2008年07月04日

<民法実践編>                    第4回 相談事例 「時効の中断」

みなさんこんにちは。

 今回は実際に私の事務所に相談があった事例をもとにお話していきます。
 
 先日、私の事務所にこんな相談がありました。
 「時効が完了していないみたいなんです。」
 「時効は完成したと思っていたのですが…。」
 「相手が金返せとしつこくて…。」

 相談者はこんな感じで悩み事を訴えてきます。
 
 そこで私は事実関係を把握するためにヒアリングをしました。

 相談者の悩み事を詳しく説明すると、、、 
 10年ほど前に友人から100万円を借りた。
 借りてから2回ぐらい返済したが、後はずっと返済せず今日
まで過ごしてきた。返済していない間、何回か督促はされたが1円も返済しなかった。時効10年になる少し前に内容証明郵便で支払いの督促をされたが、払うつもりもなかったので無視した。内容証明が届いて2週間後に時効の10年が経過したので借金を支払わなくてもよいと喜んでいたら、先日裁判所から友人から借りた金銭の支払いについての訴状が届いたとのこと。
 
 そこで私の事務所に相談に来たという訳です。
 いくつか論点があるので解説しています。

 【消滅時効について】
  債権を長い間、権利行使しないで放置しているとこの権利
 が消滅します。つまり、相手にお金を貸しても、しばらく権利
 行使しないとお金を返してもらえなくなります。
  これを一般的に消滅時効といい、権利の内容によって消滅
 時効期間が異なります。
<主な消滅時効の期間>
ホテル・旅館・料理店の飲食代
1年
労働者の給料・
手当その他の請求権(退職金は除く)
2年
交通事故・傷害事件などによる損害賠償請求
3年
商売上の貸借金税金その他国に対する債権・
債務労働者の退職金
5年
個人間の貸借金確定判決・裁判上の和解・
調停に基づく請求権
10年

 お金を貸した方としては、時効を中断して権利が消滅するのを防ぐ手段が法律上あります。時効を中断すると、それまで経過した時効期間の経過を『ふりだし』に戻す効果があります。
 相談者の例なら、時効が中断されたら時効消滅するにはまた10年が必要になります。

 法律上、時効の中断として認められるのは以下の3つになります。
 (1)裁判所が関与する形で権利者が権利を主張する訴
  え、支払督促の申立、和解、調停の申立による請求
 (2)差押、仮差押、仮処分
 (3)承認(債務者が債権者に対して自分の債務を認める
  こと)

    ※承認には「一部の弁済」や「利息の支払」などもあり、
    借りた金額の代金の一部を支払うと(1円でも支払いを
    する)債務を認めたことになります。

 時効の期日が差し迫って、相手が支払いに応じてくれない(承認に応じない)場合は、催告をすれば6ヶ月間は時効期
間が延長
します。口頭での催告も有効ですが、いつ催告したかがあいまいになるので「内容証明郵便」で行うのが一般的です。
 ただし、この催告は裁判外の催告なので、一時的に期間を延長させるもので再延長はできません。時効を中断したい場合は、裁判所を通じて訴えを(請求)を行う必要があります。内容証明を送って相手が承認(一部の弁済や利息の支払い)をすれば裁判に訴える必要はなく、時効は中断します。

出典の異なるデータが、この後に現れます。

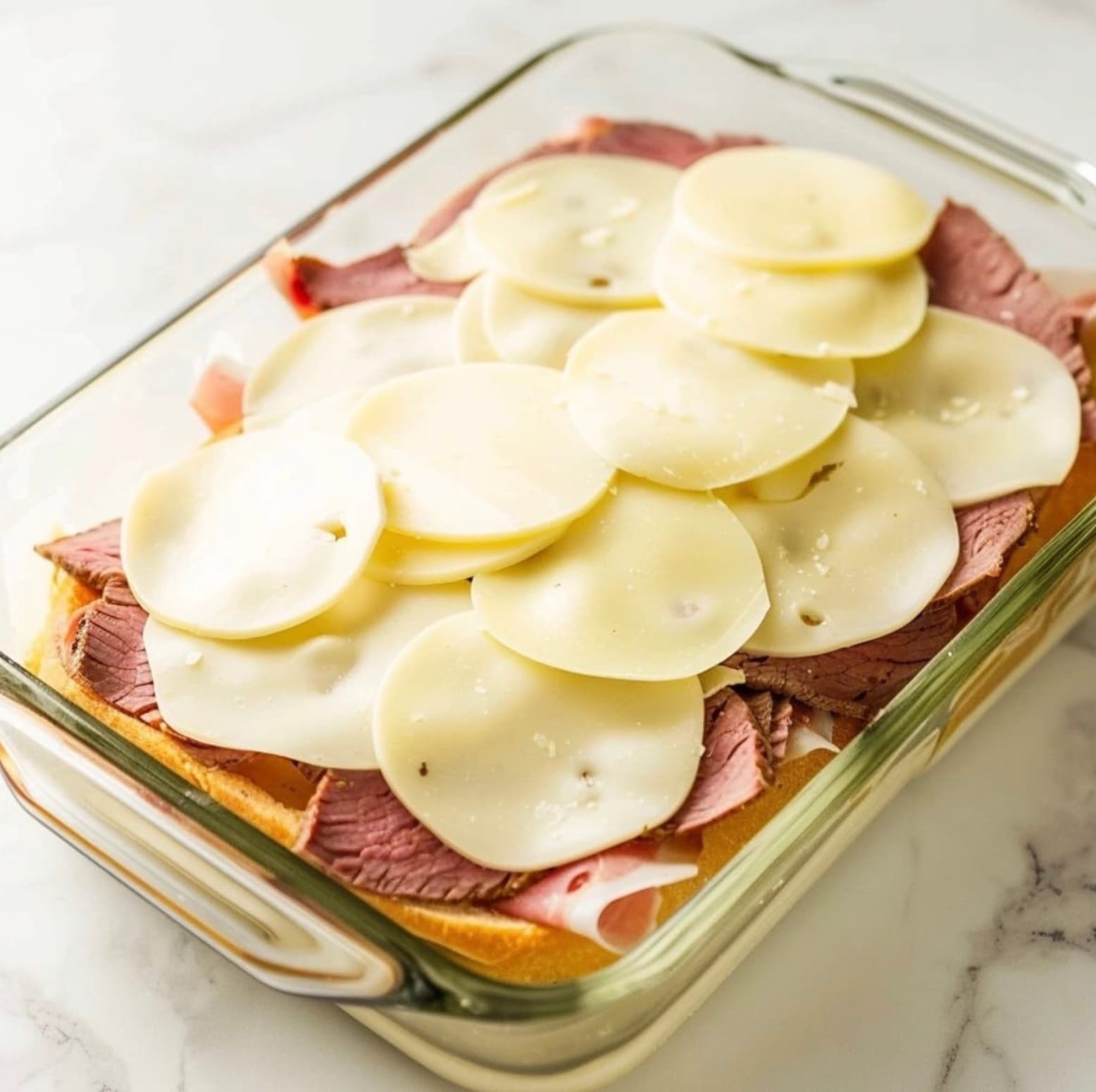 Slice your Hawaiian rolls in half, keeping them connected. Put the bottom half in the baking dish. Spread mayo on the cut sides and add mustard if you like.
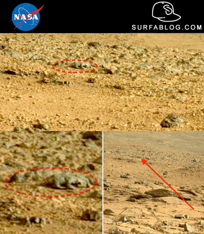 Vi ricordate di Curiosity? E' il robot lanciato dalla Nasa atterrato su Marte nell'Agosto 2012 per scoprire tracce chimiche e di minerali sul Pianeta rosso (per saperne di più clicca qui e clicca qui). E' di ieri la notizia che Curiosity, ha fotografato una creatura simile ad una lucertola mimetizzata tra le rocce della superficie di Marte. Il dubbio rimane, è un essere vivente o semplicemente una pietra?
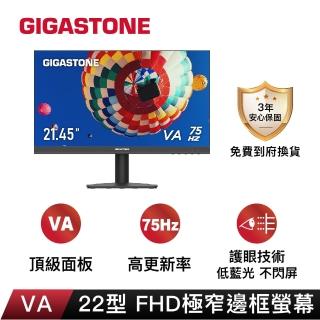 【GIGASTONE 立達】LA-22FA51 22型VA FHD極窄邊框電腦螢幕(護眼/75Hz/HDMI/VGA/1080P/低藍光/零閃屏)
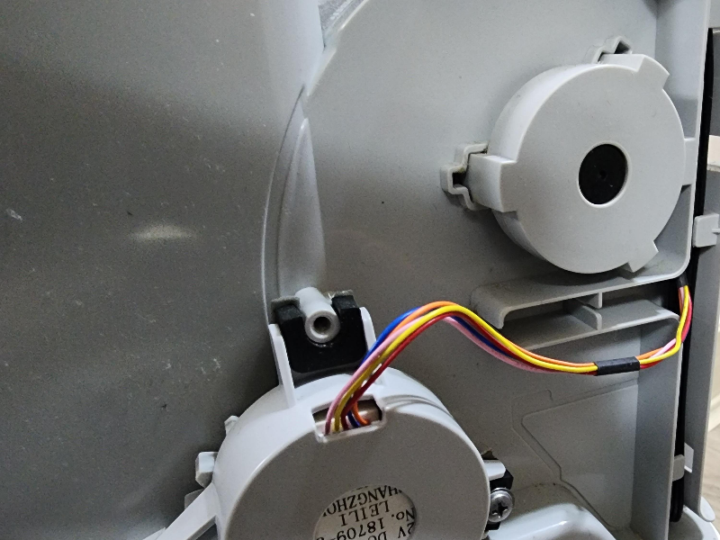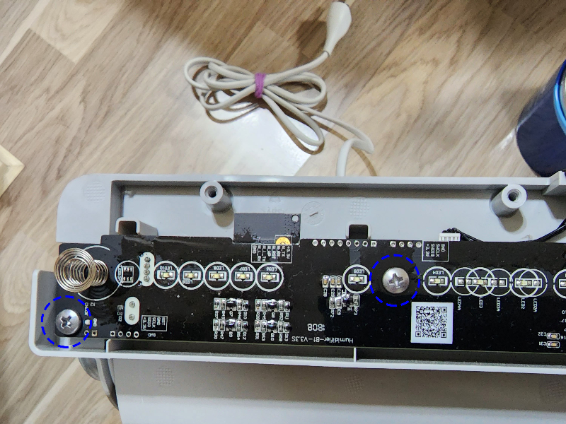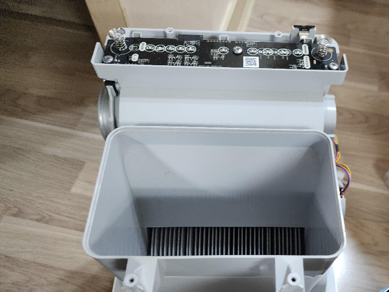 샤오미 2세대 가습기 컨트롤하는 기판으로 향하는 선이 크게 2가지가 있습니다. 검은색과 색깔 있는 선입니다. 색깔 있는 선이 모터선입니다. 커넥터로 결합되어 있어 분리와 새 모터 결합을 위해서는 기판을 분리하는 것이 좋습니다. 위 좌측 하단 사진에서 기판과 결합되어 있는 나사 3개를 분리하면 됩니다. 색깔 있는 모터선은 검은색 선과 꼬여 있어 완전히 분리를 위해서는 잘라야 했습니다.
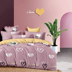 Jacquard परिवार पॉलिएस्टर बिस्तर सेट प्यार दिल मुद्रित गुलाबी पुष्प बिस्तर Duvet कवर सेट रानी आकार duvet कवर सेट
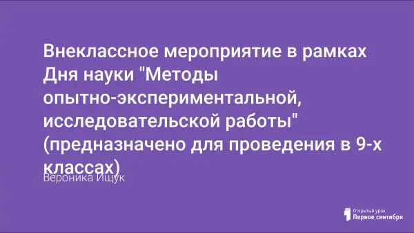 Цель мероприятия: познакомить учащихся с методами опытно-экспериментальной, исследовательской работы; научить использовать методы опытно-экспериментальной исследовательской работы на практике.
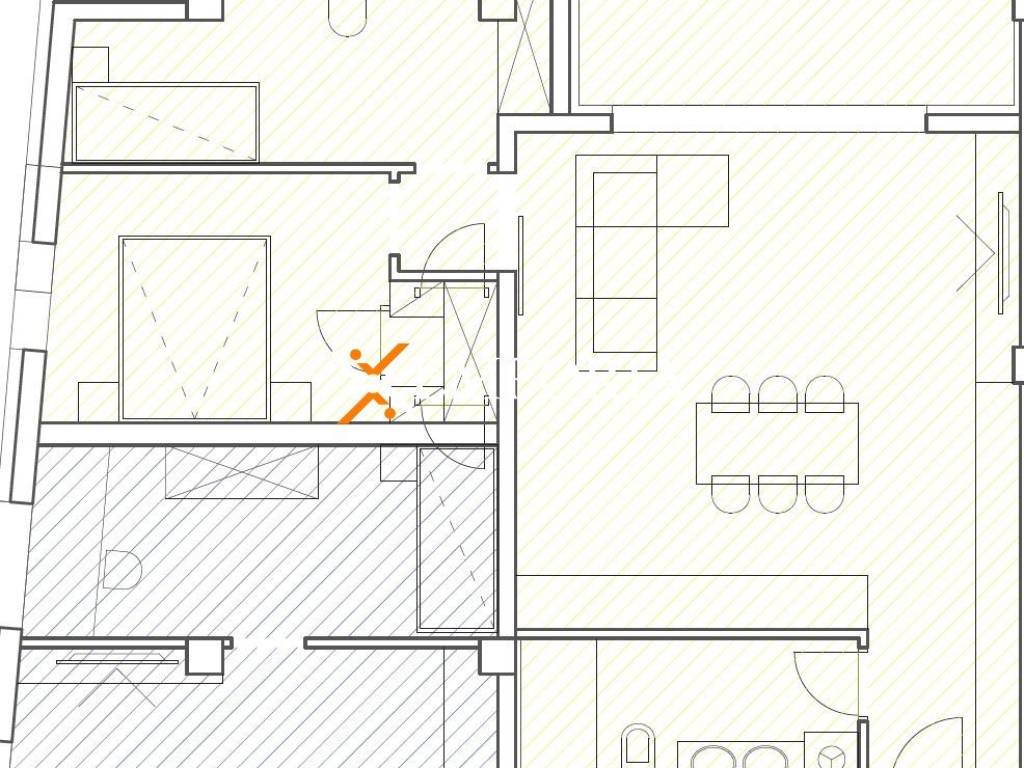 Bau mit einer Betonwand. Wärmedämmung des Gebäudes mit 10 cm dicker Wolle. Die Bodenbeläge sind Fliesen und Parkett. Die Fenster bestehen aus PVC-Material mit Dreischichtglas, elektrischen Rollläden und Moskitonetzen. In allen Räumen außer den Schlafzimmern ist eine elektrische Fußbodenheizung installiert. Die Eingangstür der Wohnung ist einbruchhemmend und feuerbeständig. Wohn- und Schlafzimmer sind klimatisiert.
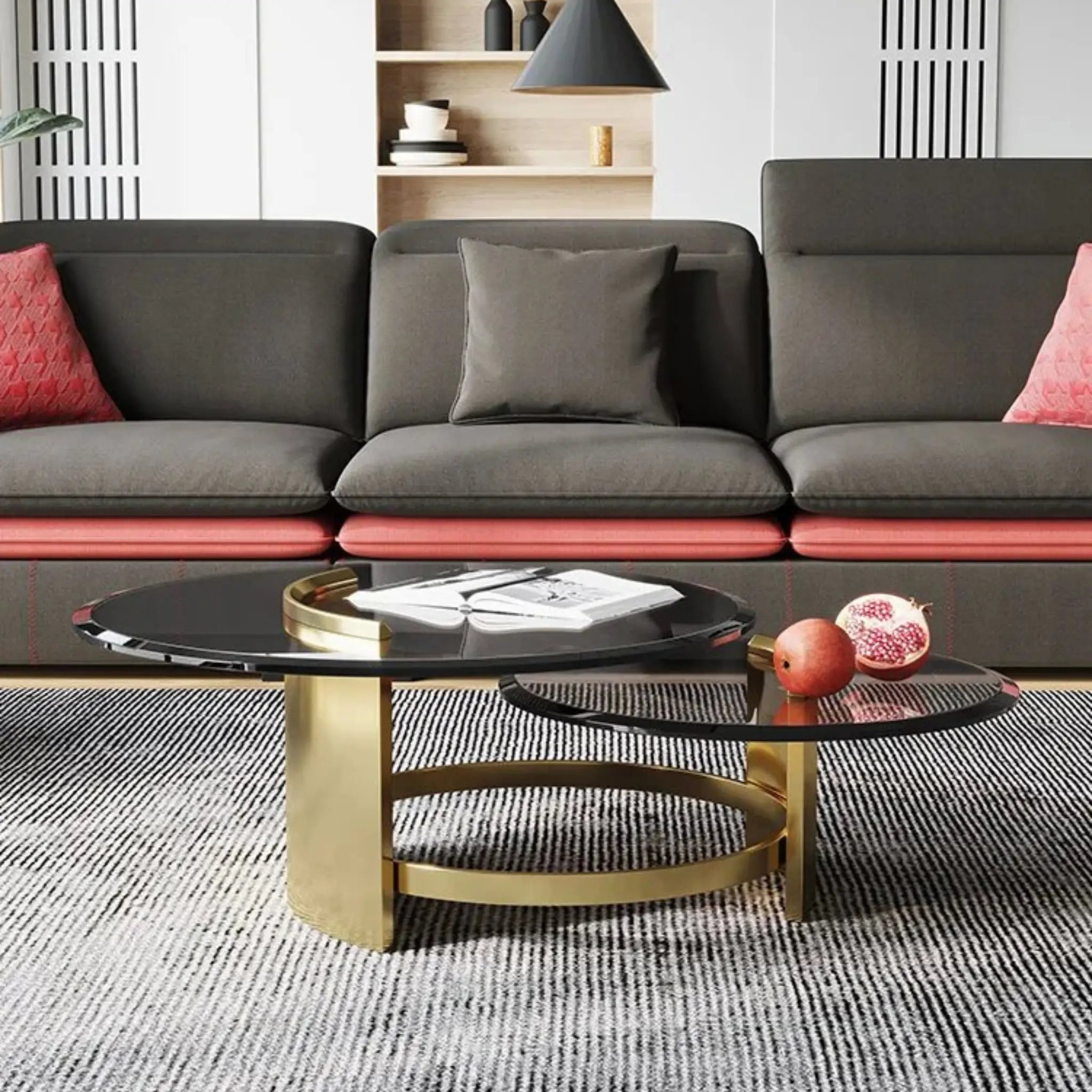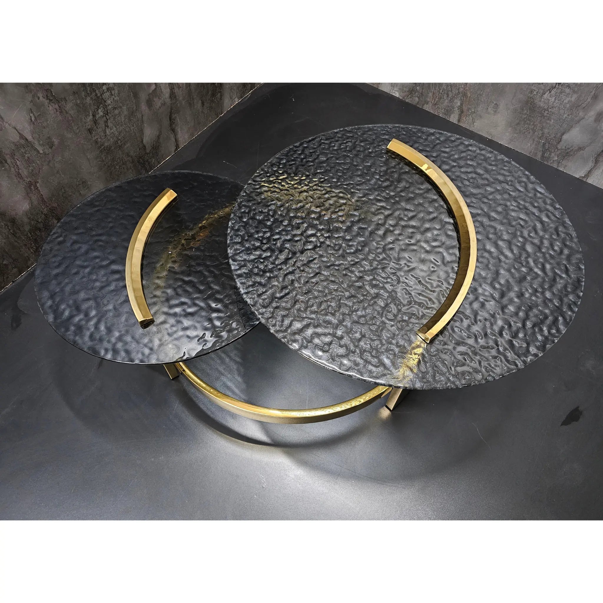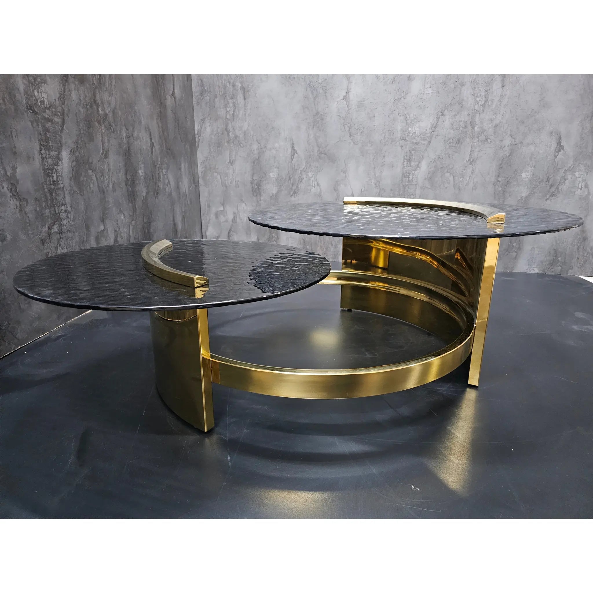 Măsuța Infinity oferă un efect vizual spectaculos datorită contrastului dintre textura sticlei și strălucirea inoxului auriu. Este o piesă de accent ideală pentru orice living luxos, transformând spațiul într-un decor modern și sofisticat.
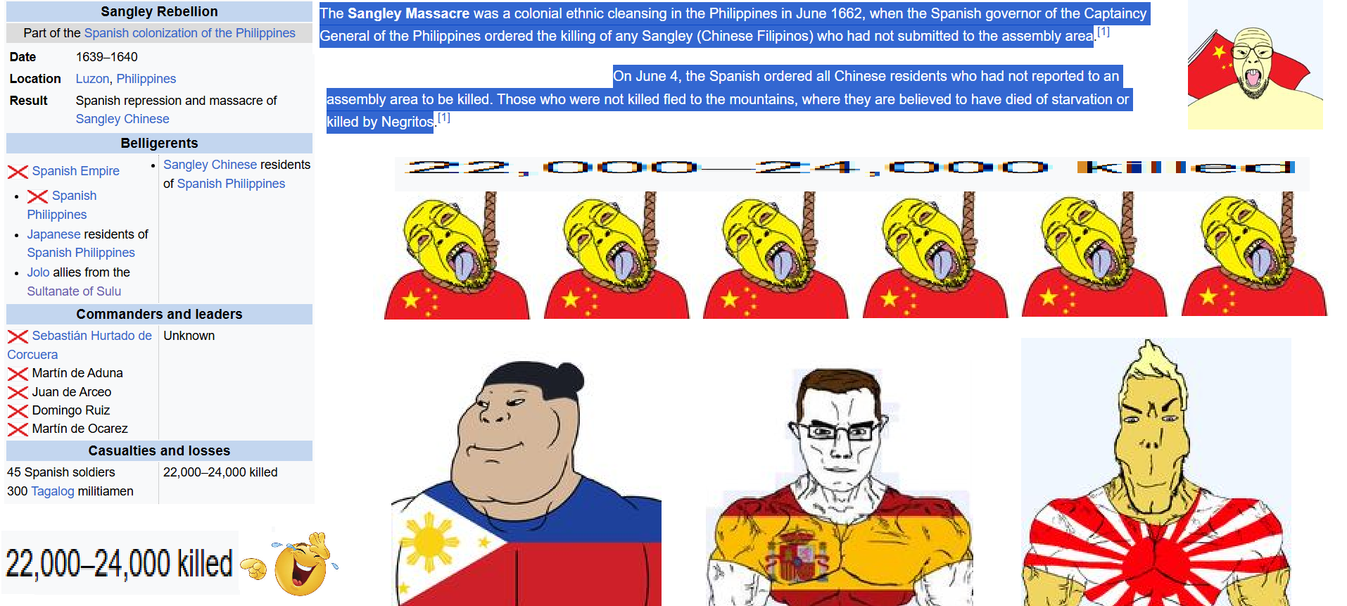 nobody tell him japs assisted in kicking spain out of asia and massacred hundreds of spics
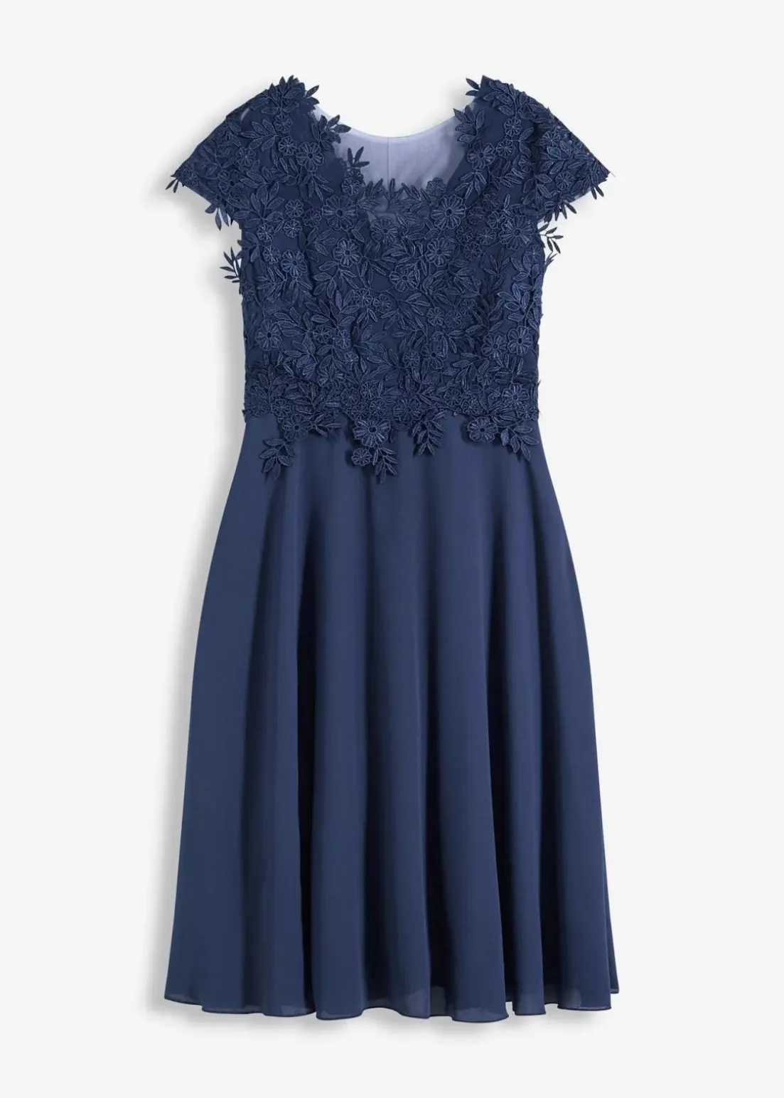Romantisch und feminin: Cocktailkleid in Midi-Länge aus zartem Tüll mit Spitze

 私の事務所に来た相談者は、時効完了前に内容証明郵便で催告され、時効が延長している間に裁判上での訴え(請求)されてしまったということです。相談者は時効が中断し、借金がなくならないので、きちんと返済するか債務整理するようアドバイスをしました。

 みなさんも時効の中断は覚えておいてください。
 実際によく遭遇する相談事です。